Other mutations commonly detected in gliomas can have diagnostic and prognostic value, such as those involving the histone chaperone protein, ATRX, which is most often found in grade 2–3 gliomas and secondary glioblastomas.21,22 ATRX mutation is robustly associated with IDH mutations, and this combination, along with TP53 mutations, is diagnostic of astrocytoma.23 In contrast, ATRX mutation is nearly always mutually exclusive with 1p/19q codeletion, and is uncommon in IDH-wild-type glioblastoma. Because loss of normal nuclear ATRX immunostaining is a fairly reliable indicator of an ATRX mutation, an IDH-mutant glioma that has loss of normal nuclear ATRX immunostaining is much more likely to be an astrocytoma than an oligodendroglioma.

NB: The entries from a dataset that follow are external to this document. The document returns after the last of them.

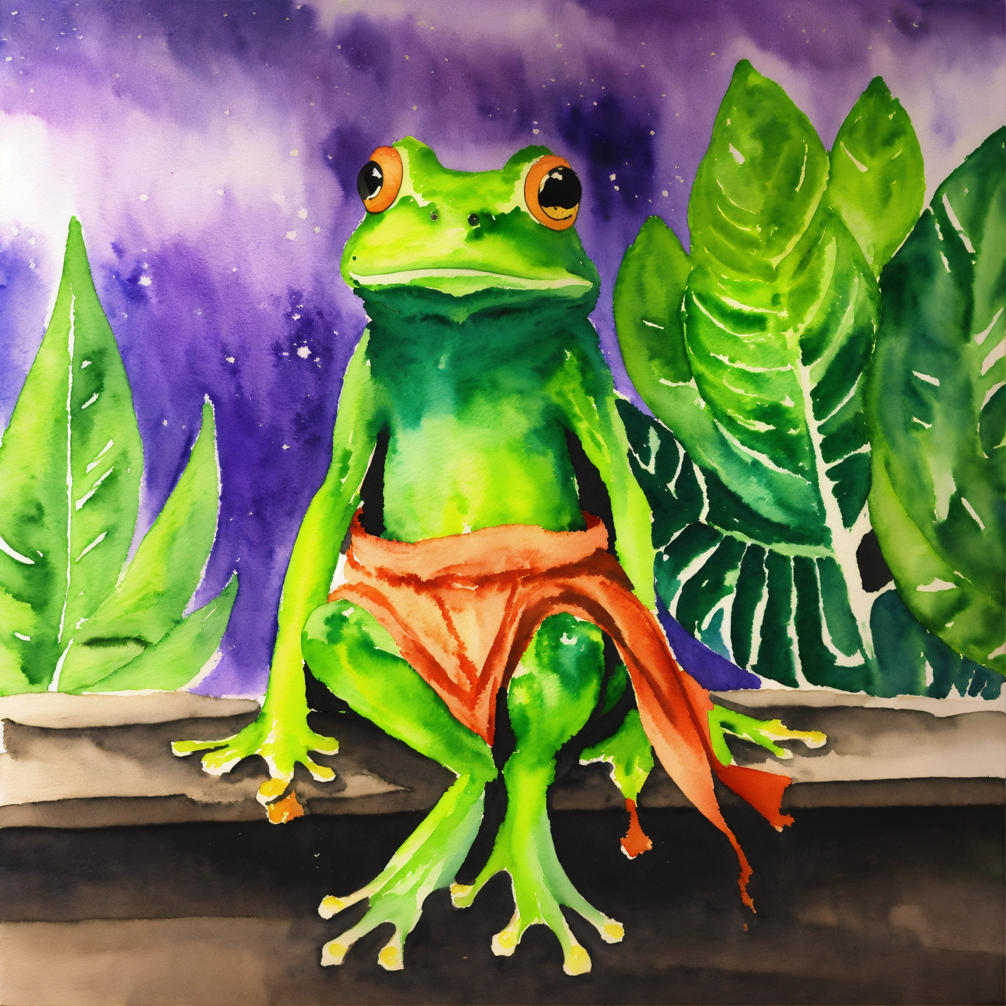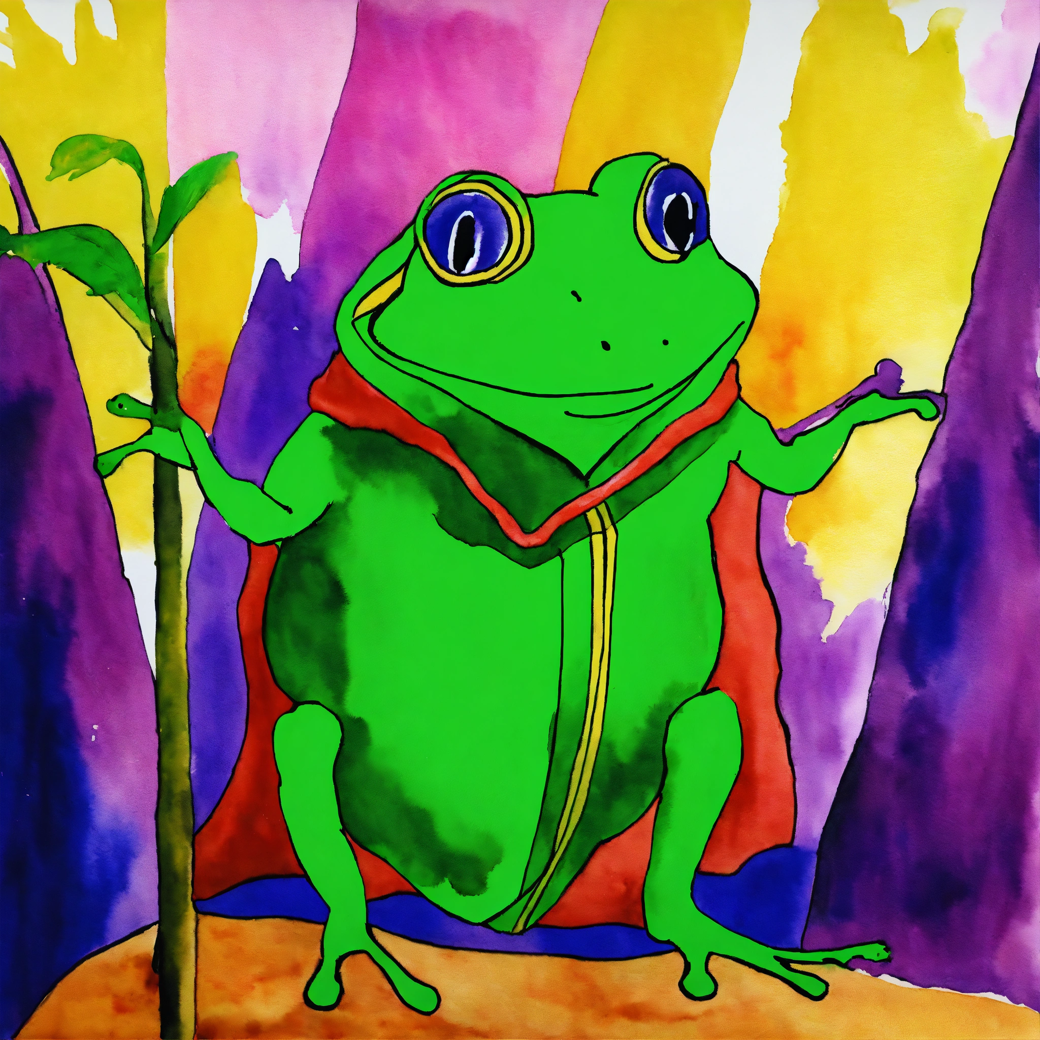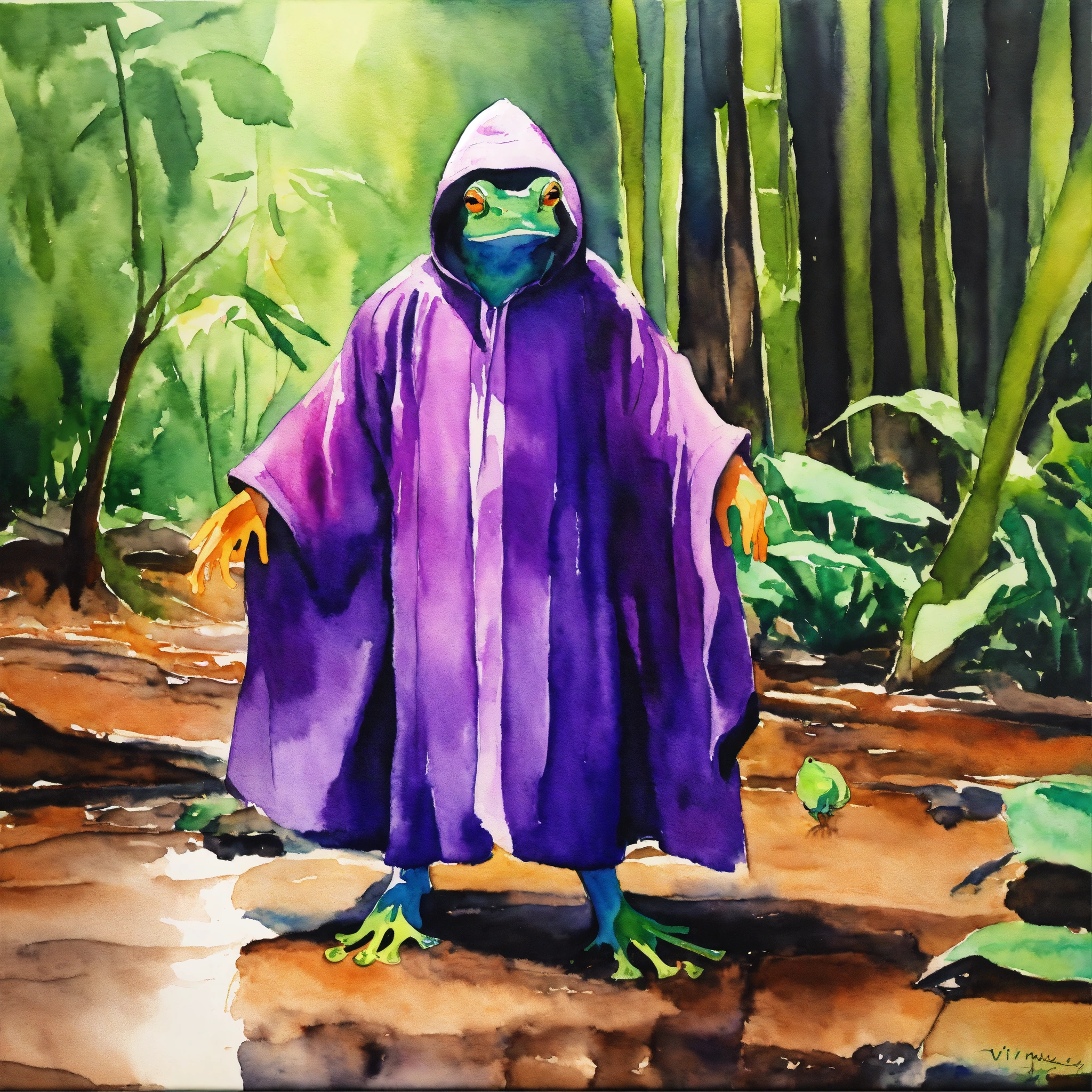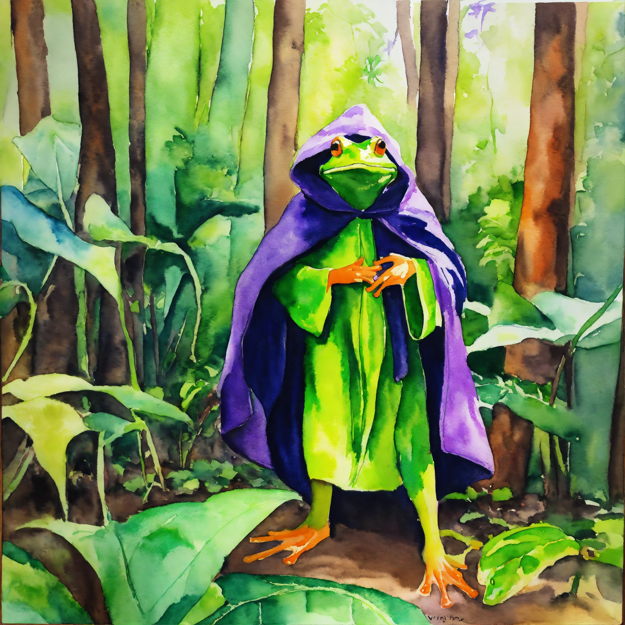 Amateur watercolor painting, high school art, basic watercolor, simple watercolor on canvas, vivid colors, bright colors, bright green, tropical rainforest, bad art, simple, vivid colors, frog wearing hooded purple robes, frog man with robes on, humanoid frog standing up wearing purple robes with a hood
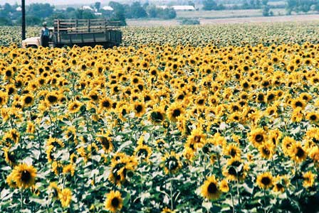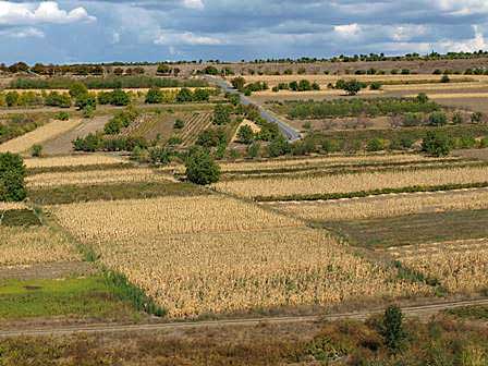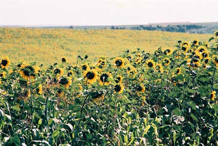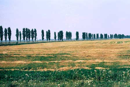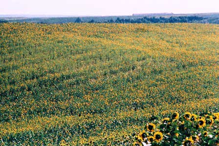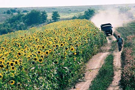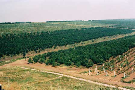 | ウクライナからモルダヴィアに入ると広大なブドウ畑が広がっていた。棚を作らないのが日本の甲州とは違うところ。 (1985年8月撮影)
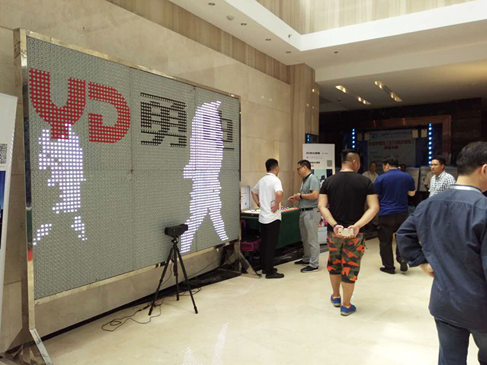在燈具展示區(qū),與會(huì)人員可以通過簡(jiǎn)單的肢體動(dòng)作來控制屏幕燈光的的變化,近距離體驗(yàn)勇電體感互動(dòng)控制系統(tǒng)所帶來的新奇有趣的燈光玩法。
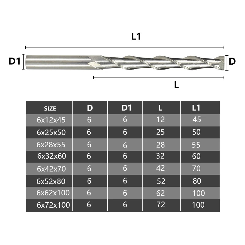 Концевая фреза с 2 канавками, спиральные фрезы 6 мм, хвостовик для металлообработки, фрезы из карбида вольфрама
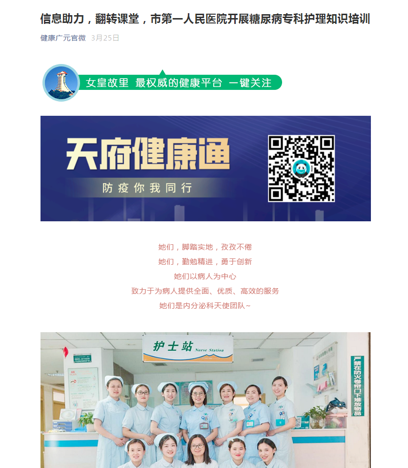 健康广元官微:信息助力,翻转课堂,市第一人民医院开展糖尿病专科护理知识培训
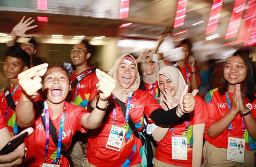 印尼體育代表團(tuán)進(jìn)場(chǎng)引起最長(zhǎng)歡呼聲
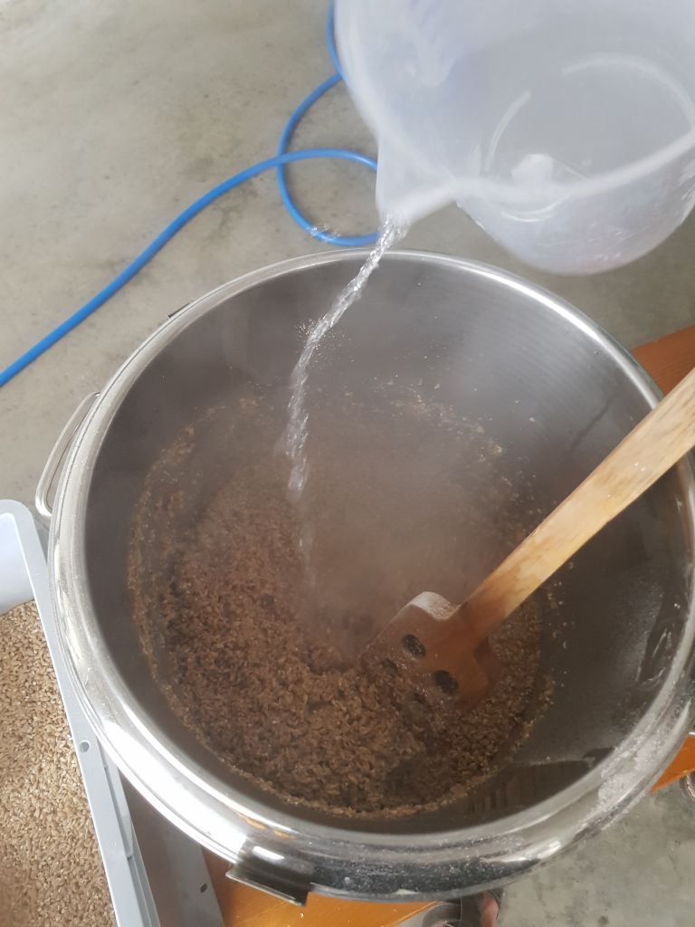 Oberpfalz, Tännesberg: bei 21 Grad Umgebungstemperatur 13,75 kg Pale Ale Malz mit 20 Litern Wasser mit 98 Grad C überbrüht. Dabei erfolgte der Vorgang in mehreren Abschnitten: jeweils 2 - 3 kg Malz zugeben und mit etwa 3 - 4,5 Litern Wasser überbrüht und mit dem Maischepaddel gründlich vermengt. Am Ende hatte die Masse in der isolierten 38-Liter-Maischepfanne 68 Grad C. Um 9.45 Uhr Deckel der Pfanne geschlossen und stehen gelassen.
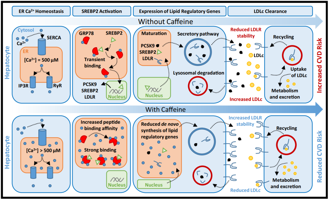 进一步机制研究显示,咖啡因增加了肝细胞内质网钙离子水平,从而阻断了 SREBP2 的激活,进而降低了 PCSK9 表达水平,增加了低密度脂蛋白受体(LDLR)的表达,促进了低密度脂蛋白胆固醇(LDLc)的清除。
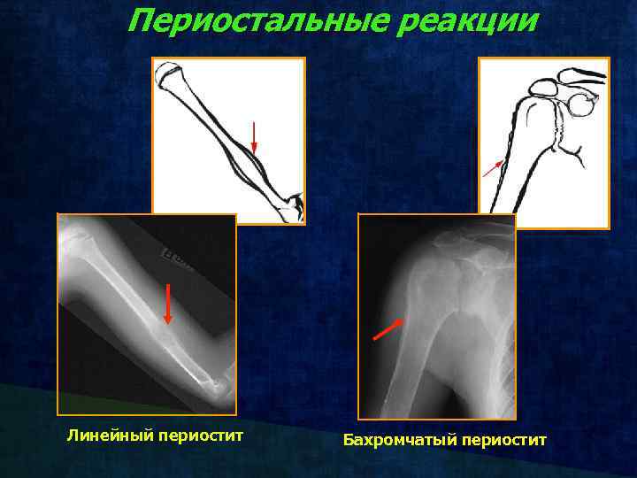 Периостальные реакции Линейный периостит Бахромчатый периостит
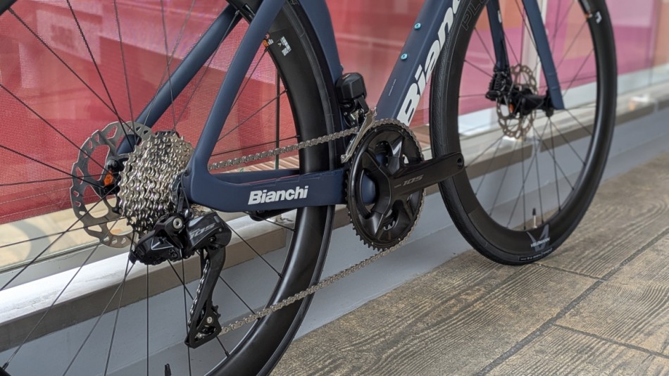 コンポーネントは105Di2で2×12速の電動変速を採用しており、軽やかで確実なシフティングを提供してくれます。

Mutations in the promoter region of the telomerase reverse transcription (TERT) gene occur frequently in IDH-wild-type glioblastomas and IDH-mutant, 1p/19q codeleted oligodendrogliomas.24,25 Absence of TERT promoter mutation, coupled with IDH mutation and lack of 1p/19q codeletion, is indicative of astrocytoma. Some IDH–wild-type diffusely infiltrative astrocytomas lack the histologic features of glioblastoma (necrosis and/or microvascular proliferation) but have ≥1 molecular hallmarks of glioblastoma, including the following: EGFR amplification; gain of chromosome 7 and loss of chromosome 10; and TERT promoter mutation. In such cases, the tumor can still be diagnosed as glioblastoma, IDH-wild-type, WHO grade 4. These tumors have similar clinical outcomes as typical histologic grade 4 IDH-wild-type glioblastomas, so they may be managed accordingly.18,20 The 2021 updated WHO classification of CNS tumors also now includes CDKN2A/B homozygous deletion as evidence of grade 4 status in IDH-mutant astrocytomas, even if such astrocytomas lack necrosis and/or microvascular proliferation.1,19,2629

H3K27M mutations in the histone-encoding H3-3A gene are mostly found in diffuse midline gliomas in both children and adults.30 Patients with these H3K27M-mutated gliomas tend to have a very poor prognosis regardless of histologic appearance, so they are classified as WHO grade 4; however, some patients seem to fare better than a grade 4 diagnosis would imply, so there remains some controversy regarding this issue.3032 Another variant in H3-3A, resulting in a G34V (or R) mutation in histone 3.3, is characteristic of some diffusely infiltrative gliomas arising not in the midline, but in the cerebral hemispheres. These gliomas tend to occur in children and younger adults and are IDH-wild-type, but still have mutations in ATRX and TP53. Thus, the fifth edition of the WHO classification calls these tumors “diffuse hemispheric glioma, H3.3 G34-mutant, WHO grade 4.”1 H3K27M immunopositivity is associated with loss of histone trimethylation immunostaining in diffuse midline gliomas.3337 The presence of a histone mutation can be considered solid evidence of an infiltrative glioma, which is often helpful in small biopsies of midline lesions that may not be fully diagnostic with light microscopy and/or do not clearly look like infiltrative gliomas.30,38 Both kinds of H3-3A–mutant gliomas are now subsumed by the 2021 WHO classification under “pediatric-type diffuse high grade gliomas,” even if such tumors arise in adults.1,7 None of the histone-driven gliomas are called glioblastomas anymore, because that term is now reserved exclusively for IDH-wild-type gliomas meeting the criteria discussed earlier.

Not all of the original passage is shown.